Automated flagging of common spatial and temporal errors in biological and paleontological collection data, for the use in conservation, ecology and paleontology. Includes automated tests to easily flag (and exclude) records assigned to country or province centroid, the open ocean, the headquarters of the Global Biodiversity Information Facility, urban areas or the location of biodiversity institutions (museums, zoos, botanical gardens, universities). Furthermore identifies per species outlier coordinates, zero coordinates, identical latitude/longitude and invalid coordinates. Also implements an algorithm to identify data sets with a significant proportion of rounded coordinates. Especially suited for large data sets. The reference for the methodology is: Zizka et al. (2019) doi:10.1111/2041-210X.13152.


Build Status codecov.io CRAN_Status_Badge downloads rstudio mirror downloads Project Status: Active – The project has reached a stable, usable state and is being actively developed. DOI

There was a bug in the cc_outl function in previsous versions, so for outlier testing make sure to use version 2.0-9 or higher.

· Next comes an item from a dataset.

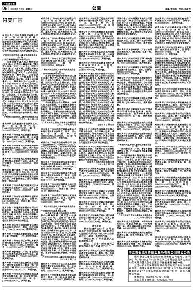 减资公告 广州市奥楷展柜有限公司(统一社会信用代码:91440101MA5APM642L)股东决定,注册资本由原来壹佰万元人民币减少至壹拾万元人民币。请债权人自本公告见报之日起45日内向本公司申报债权,逾期不申报,视为放弃权利,本公司将向公司登记机关申请变更登记。 广州市天河区劳动人事争议仲裁委员会 公 告 广州马斯特管理咨询有限公司: 本委受理申请人杨丹煌诉你方(被申请人)的劳动人事争议案(穗天劳人仲案〔2021〕2190号),因你方(被申请人)下落不明,且通过邮寄方式无法送达,现依据《中华人民共和国民事诉讼法》第九十二条的规定,依法向你方(被申请人)公告送达《应诉通知书》、《开庭通知书》和《申请书副本》等材料。申请人的仲裁请求:一、被申请人支付2020年11月1日至2020年11月30日期间的工资7475元;二、被申请人支付2019年8月1日至2020年11月30日期间的年假工资1557元。现将申请人的上述请求,作为申请书副本向你方(单位)公告送达。自本公告发出之日起,经过六十日即视为送达。提交答辩状的期限和举证期限详见《应诉通知书》。本案定于2021年9月24日上午9时15分在广州市天河区劳动人事争议仲裁委员会仲裁庭(地址:广州市天河区石牌东路117号三楼第2仲裁庭)开庭审理此案。无正当理由不到庭的,本委将依法作缺席裁决。特此公告。 广州市天河区劳动人事争议仲裁委员会 二二一年七月七日 遗失声明 江荣鑫遗失营业执照正本,统一社会信用代码:92440101MA59T09XXW,编号:S0392017008649G,声明作废。 遗失声明 广州市越秀区美嘉眼镜商行遗失营业执照正、副本,统一社会信用代码:92440101MA5A8E920K,编号:S0492014011046G,声明作废。 遗失声明 广州市番禺区洛浦暖湘饮食店遗失营业执照正、副本,统一社会信用代码:92440101MA5CE70Q5P,注册号:440126601975928,声明作废。 遗失声明 广州市番禺区洛浦暖湘饮食店遗失食品经营许可证正、副本,许可证编号:JY24401130507748,现声明作废。 撤销公告 量子盛放(广东)贸易有限公司撤销2021年03月26日、2021年03月27日在国家企业信用信息公示系统分别对外公示的清算组备案及债权人公告,并解散清算组。该公司继续经营,特此公告! 遗失声明 广州市番禺区石基南记饮食店遗失食品经营许可证正、副本,许可证编号:JY24401130696929,现声明作废。 遗失声明 广州市增城杰辉钢板经营部遗失营业执照正、副本,注册号:440125321006162,核发日期:2006-08-22,声明作废。 清算公告 广州富荣装卸服务有限公司股东决定,本公司停止经营,清理债权债务。请有关债权人自本公司公告见报之日起45天内,向本公司清算小组申报债权。逾期不申报,视为放弃权利。清算结束后,本公司将向公司登记主管机关申请注销登记。 遗失声明 台山市台城建强饮食店遗失食品经营许可证正、副本,许可证编号:JY24407810038794,现声明作废。 遗失声明 广州德运发物流有限公司遗失公章(行政章)一枚,现声明作废。 遗失声明 广州市白云区永平仁木家具店遗失营业执照副本,统一社会信用代码:92440101MA5ARA9D3Y,编号:S1192018013087G,声明作废。 遗失声明 鲜饮唯劲(广州)餐饮服务有限公司遗失食品经营许可证正、副本,许可证编号:JY24401050374211,现声明作废。 遗失声明 广州市花都区狮岭沃必得皮具厂遗失营业执照正、副本,统一社会信用代码92440101MA5A6B26XL,注册号440121600403378,声明作废。 遗失声明 广州市南沙区胡涛胡商店遗失营业执照正本,统一社会信用代码:92440101MA5BDRPL1H,编号:S1092018021433G,声明作废。 减资公告 广州市松拓科技有限公司(统一社会信用代码:91440101MA5BLRU727)股东决定,注册资本由原来100万元人民币减少至10万元人民币。请债权人自本公告见报之日起45日内向本公司申报债权,逾期不申报,视为放弃权利,本公司将向公司登记机关申请变更登记。 减资公告 广州市时诺刻电子有限公司(统一社会信用代码:91440104593722366M)股东会决议,注册资本由原来200万元人民币减少至30万元人民币。请债权人自本公告见报之日起45日内向本公司申报债权,逾期不申报,视为放弃权利,本公司将向公司登记机关申请变更登记。 遗失声明 广州市白云区黄石诺迈自行车店遗失营业执照正本,注册号:440111601025733,编号:11913017898G,声明作废。 广州市天河区劳动人事争议仲裁委员会 公 告 广州市晟焰餐饮有限公司: 本委受理方艺凝诉你司劳动人事争议案(穗天劳人仲案〔2021〕153号)已依法作出裁决。因你司下落不明,因无法与你方取得联系,根据《中华人民共和国民事诉讼法》第九十二条的规定,现依法向你司公告送达《仲裁裁决书》,裁决如下:一、确认申请人与被申请人在2018年9月6日至2020年9月30日期间存在劳动关系;二、本裁决书生效之日起三日内,被申请人一次性支付申请人解除劳动关系经济补偿金20000元。 本仲裁裁决为非终局裁决。当事人如不服本裁决,可自收到本裁决书之日起十五日内向有管辖权的人民法院起诉;期满不起诉的,本裁决即发生法律效力。本裁决发生法律效力后,一方不执行本裁决,另一方可向有管辖权的人民法院申请强制执行。自发出公告之日起,经过六十日,即视为送达。特此公告。 广州市天河区劳动人事争议仲裁员会 二二一年七月七日 遗失声明 广州市花都区狮岭越衡电子称商行遗失营业执照正、副本,统一社会信用代码92440101MA5AAD9D93,注册号440121600694995,声明作废。 减资公告 广州泓

Automated flagging of common spatial and temporal errors in biological and palaeontological collection data, for the use in conservation, ecology and palaeontology. Specifically includes tests for

  • General coordinate validity
  • Country and province centroids
  • Capital coordinates
  • Coordinates of biodiversity institutions
  • Spatial outliers
  • Temporal outliers
  • Coordinate-country discordance
  • Duplicated coordinates per species
  • Assignment to the location of the GBIF headquarters
  • Urban areas
  • Seas
  • Plain zeros
  • Equal longitude and latitude
  • Rounded coordinates
  • DDMM to DD.DD coordinate conversion errors
  • Large temporal uncertainty (fossils)
  • Equal minimum and maximum ages (fossils)
  • Spatio-temporal outliers (fossils)

CoordinateCleaner can be particularly useful to improve data quality when using data from GBIF (e.g. obtained with rgbif) or the Paleobiology database (e.g. obtained with paleobioDB) for historical biogeography (e.g. with BioGeoBEARS or phytools), automated conservation assessment (e.g. with speciesgeocodeR or conR) or species distribution modelling (e.g. with dismo or sdm). See scrubr and taxize for complementary taxonomic cleaning or biogeo for correcting spatial coordinate errors. You can find a detailed comparison of the functionality of CoordinateCleaner, scrubr, and biogeo here.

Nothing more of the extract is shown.